### AVAILABLE RECORDS
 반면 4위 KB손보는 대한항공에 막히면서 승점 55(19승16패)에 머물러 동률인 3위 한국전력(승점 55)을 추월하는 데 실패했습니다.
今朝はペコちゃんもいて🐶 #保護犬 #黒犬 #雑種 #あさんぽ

---

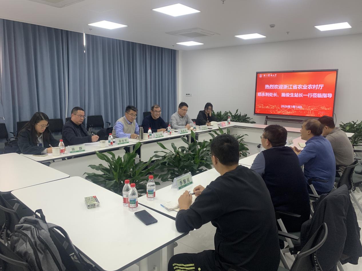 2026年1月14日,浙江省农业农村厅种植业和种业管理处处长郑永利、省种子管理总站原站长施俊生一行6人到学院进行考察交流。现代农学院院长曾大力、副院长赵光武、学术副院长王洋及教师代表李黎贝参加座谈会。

### TASK OBJECTIVE
From the line containing "반면 4위 KB손보는" down to the line containing "今朝はペコちゃんもいて🐶 #保護犬 #黒犬 #雑種 #あさんぽ" in the material above, reproduce every line exactly, including the two end lines.

### SOLUTION TO THIS PROBLEM
 반면 4위 KB손보는 대한항공에 막히면서 승점 55(19승16패)에 머물러 동률인 3위 한국전력(승점 55)을 추월하는 데 실패했습니다.
今朝はペコちゃんもいて🐶 #保護犬 #黒犬 #雑種 #あさんぽ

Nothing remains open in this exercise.